Contrary to Ed Miliband's claims fewer housing schemes are stalled than under Labour
In a recent speech Ed Miliband claimed that planning permission has been granted for 400,000 homes in England that have not been built.
This figure was used for his theme that homes were delayed by greedy capitalist property speculators engaging in "land banking."
However the Planning Minister Nick Boles has shown such claims to be misleading:
Mr Boles says:
The latest figures (provided by Glenigan, based on sites of 10 units or over) show that, as of 3 June 2013, there were 60,500 residential units that were classed as on hold or shelved. A further 189,900 units were estimated to be progressing toward a start. There were a further 10,500 units which were in the process of being sold or where information is unavailable.
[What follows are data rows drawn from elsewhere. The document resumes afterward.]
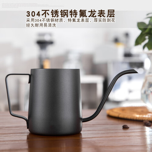 欧式细长嘴设计,壶身基于采用304不锈钢打造,加上为特氟龙表层,厚实耐磨,不易刮花,且用后清洗方便。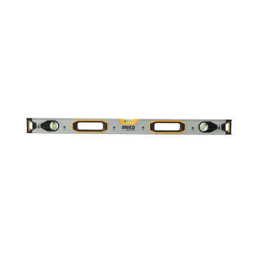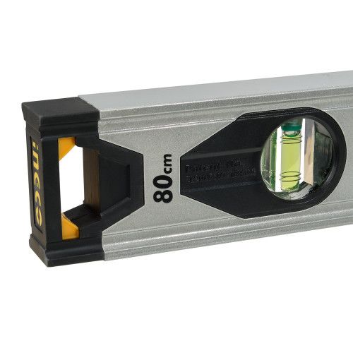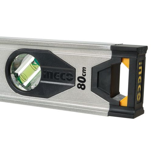 Будівельний алюмінієвий рівень 80 см INGCO INDUSTRIAL оснащений трьома очками та призначений для виявлення відхилення поверхні по горизонталі й вертикалі.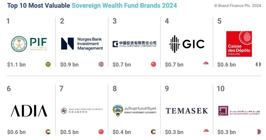 在主权财富基金中,沙特公共投资基金、挪威央行投资管理机构、中投公司排名前三。品牌价值被理解为品牌所有者通过在公开市场上许可该品牌所获得的净经济收益。
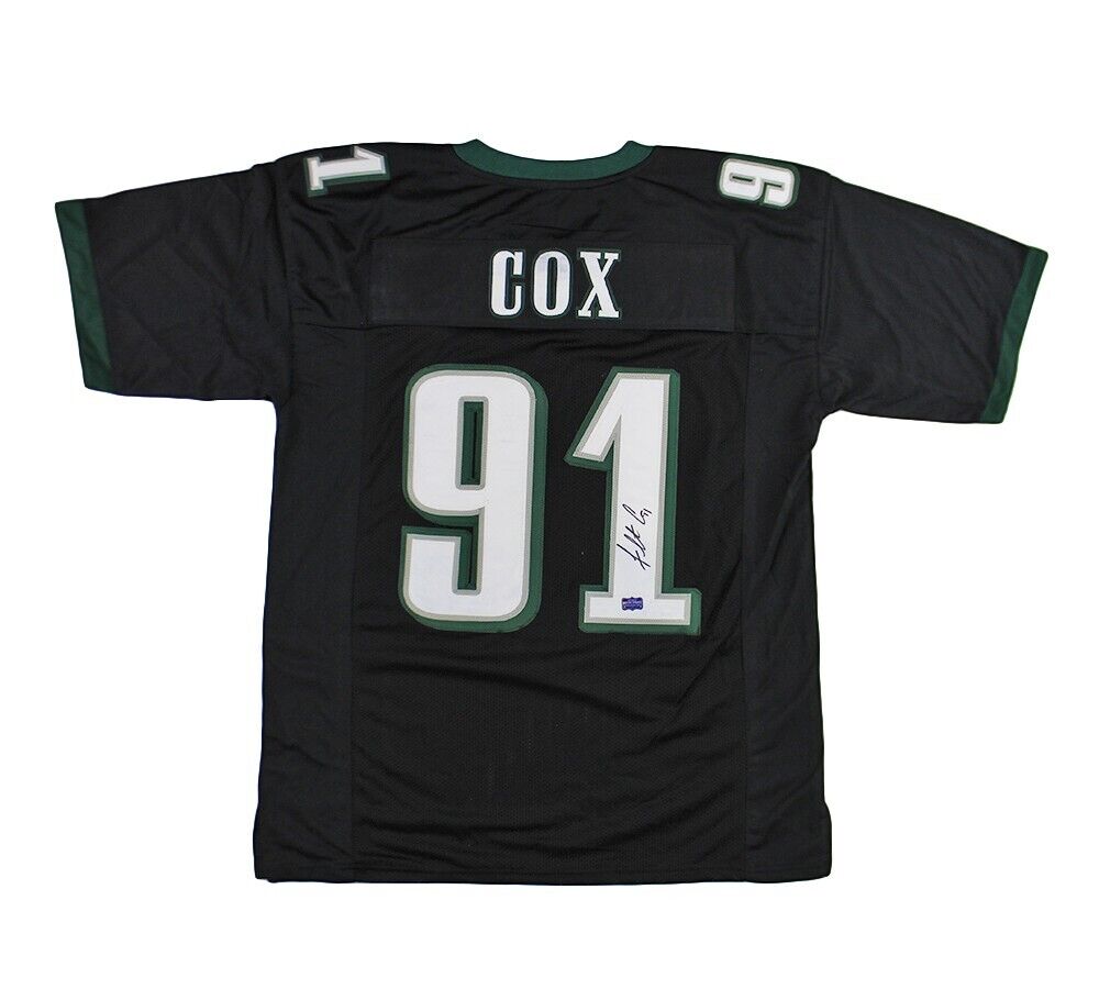 A Philadelphia Custom Black Jersey hand signed by Fletcher Cox. The item and signature are in excellent condition. Fletcher is a former football defensive tackle drafted into the NFL by the Philadelphia Eagles. He is a Super Bowl Champion and a 6x Pro Bowler. AUTHENTICATION: Your item is tagged with a SmarTag Powered by Prova Technology, which gives you digital access to your items authentication records, including a proof picture from the signing.
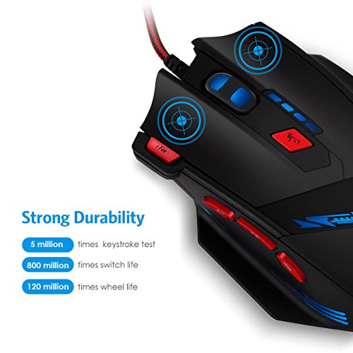 6 Adjustable DPI Settings - Integrated 9200 DPI optical gaming sensor and 6 adjustable DPI setting for precise cursor control (1000/ 1600/ 2400/ 3200/ 5500/ 9200). Giving you the most excited experience of playing game.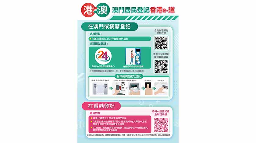 自2026年1月19日起,年滿18歲,持用澳門居民往來香港特別行政區旅遊證的澳門非永久性居民,除可前往香港入境事務處的e-道登記處登記使用香港e-道服務外,也可在澳門8個政府24小時自助服務中心,以及橫琴政務服務中心24小時自助服務區和“澳門新街坊”澳門政務24小時自助服務中心使用澳門政府的自助辦證機進行登記;年滿18歲,並持有有效的香港居民身份證及有效期多於90天的香港特別行政區簽證身份書的香港非永久性居民,除可於澳門的自助通關登記處登記使用澳門自助過關服務,也可使用設於香港指定管制站或各人事登記辦事處的自助登記服務機預先登記。

Information is not publicly available at smaller geographical scales.
It has been suggested in recent weeks that there are 400,000 homes that could have been built which have not been built because of land hoarding, with firms sitting on land waiting for it to accumulate in value and not building on it. For the record, this assertion is incorrect and misleading.
The notional 400,000 figure stems from a report commissioned by the Local Government Association undertaken by Glenigan using data sourced in December 2011. It notes that in 2011 there were 399,816 residential units with planning permission which were "unimplemented". However, the report clearly distinguishes between sites under construction and sites which were unstarted.
Of that 400,000 units figure, 191,000 was private housing already under construction. A further 83,000 units were unimplemented provisions for social housing (and therefore, in no sense private sector developers 'hoarding land'). The report also notes that the amount of unimplemented schemes has fallen by a third from 2008 to 2011, and the number of private, unstarted units has fallen from 206,000 in March 2008 to 127,000 in December 2011.
Indeed, the Office of Fair Trading examined the suggestion of land banking in 2008. They reported:
“We have not found any evidence to support the view that, at the national level, homebuilders are hoarding a large amount of land with implementable planning permission on which they have not started construction” (para 5.89)
and
“Having a stock of land helps a homebuilder cope with fluctuations in the housing market and also helps to reduce its exposure to risk resulting from the planning system. We have not found any evidence that homebuilders have the ability to anti-competitively hoard land or own a large amount of land with planning permission on which they have not started to build. Apart from the homebuilding firms, the available information suggests that the largest ‘landbank’ may be that held by the public sector. If the Government and devolved Administrations wish to ease this constraint going forward then one potential way of doing this would be to make more public sector land, which is suitable for development, more readily available to homebuilders” (OFT, Homebuilding in the UK: A market study, September 2008, para 1.8).
This Government has introduced a wide ranging package to support stalled house building. These include making £570 million available through the Get Britain Building investment fund aiming to unlock new homes on stalled sites, and a £474 million investment fund in local infrastructure for stalled locally-supported, large scale housing sites and commercial development. Our investments to date are helping to bring forward new homes, boosting the construction industry and stimulating economic growth.
In addition, the Growth and Infrastructure Act enables developers with any Section 106 agreement, irrespective of the date of signature, to apply for a review of the affordable housing component to ensure development is not being made unviable by unrealistic requirements. Such unrealistic Section 106 agreements result in no development, no regeneration and no community benefits: a sensible review can result in more housing and more affordable housing.
We also have a comprehensive programme to sell surplus and redundant public sector land and property, freeing up taxpayers' money and providing land for new homes."
The Government could and should release far more land to be sold for housing. State land banking remains vast. But, of course, Mr Miliband - with his fixation of blaming capitalism for everything - shows no concern to press the Government to go further.